Although we have made substantial progress in redesigning our regulatory programs, much work remains in making these programs more effective and efficient. Our efforts are far from complete. In addition, we recognize that new challenges surely will arise as we revamp our programs and take nuclear regulation into the 21st Century. These continuing and future challenges include:

We are working aggressively with the nuclear power industry and other licensed nuclear facilities to ensure that their safety and security will not be adversely affected by the Y2K problem;
We are examining the effectiveness and integrity of our petition processes, through which members of the public seek NRC action to ensure compliance with requirements and adequate protection of the public health and safety;
We are reviewing carefully the NRC treatment of allegations involving harassment and intimidation at the Millstone nuclear power plants (including a specific review of certain Millstone harassment and intimidation cases), which we expect to lead to broader-based enhancements to NRC enforcement and investigations functions; and
We are revising our regulatory programs for radioactive material to make them more risk-informed and performance-based, and to ensure that the regulatory burden is commensurate with the health and safety benefits of such regulations, including our medical use regulations in 10 CFR Part 35 and our fuel cycle facility regulations in 10 CFR Part 70.

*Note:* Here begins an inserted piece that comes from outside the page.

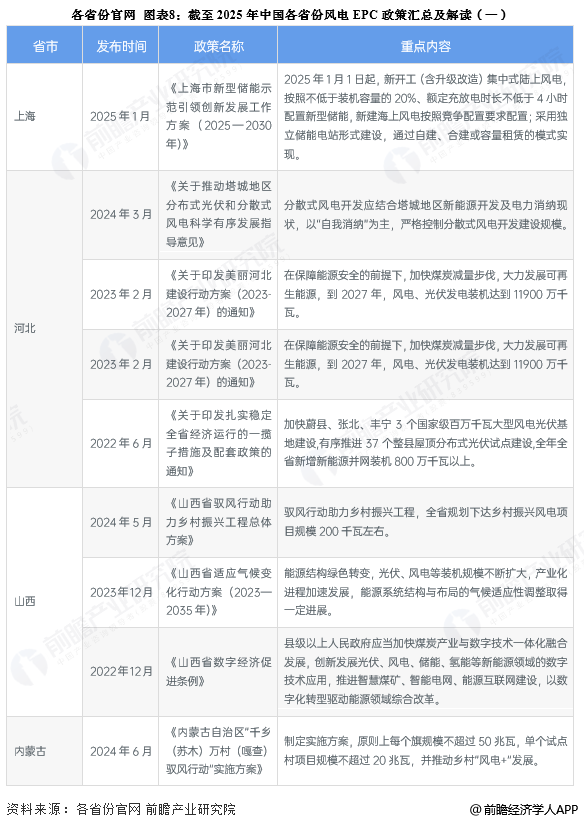 除了中共中央、国务院等部门颁布一系列政策外,各省市同样出台了一些举措来促进风电以及EPC行业的发展。

Over the past few years, we have made substantial progress in improving our regulatory programs, and we have accelerated that progress in the past six months. As stated earlier, our interactions with this Subcommittee have contributed to this success, and we welcome your continued constructive oversight. With sufficient resources, strong leadership, and broad support, we plan to continue our efforts to enhance the effectiveness and efficiency of the NRC by pursuing the paths that already have been charted. The Commission fully expects that new areas will continue to arise, requiring attention and additional effort. As with current areas of reform, we will continue to ensure stakeholder involvement in the change process. We believe that we have laid the groundwork not only for significant short-term adjustments, but for enduring improvements to the NRC regulatory paradigm, institutionalized and stabilized through incorporation into our performance-based planning process.

Thank you for your attention and consideration. We will be happy to answer any questions from the Subcommittee.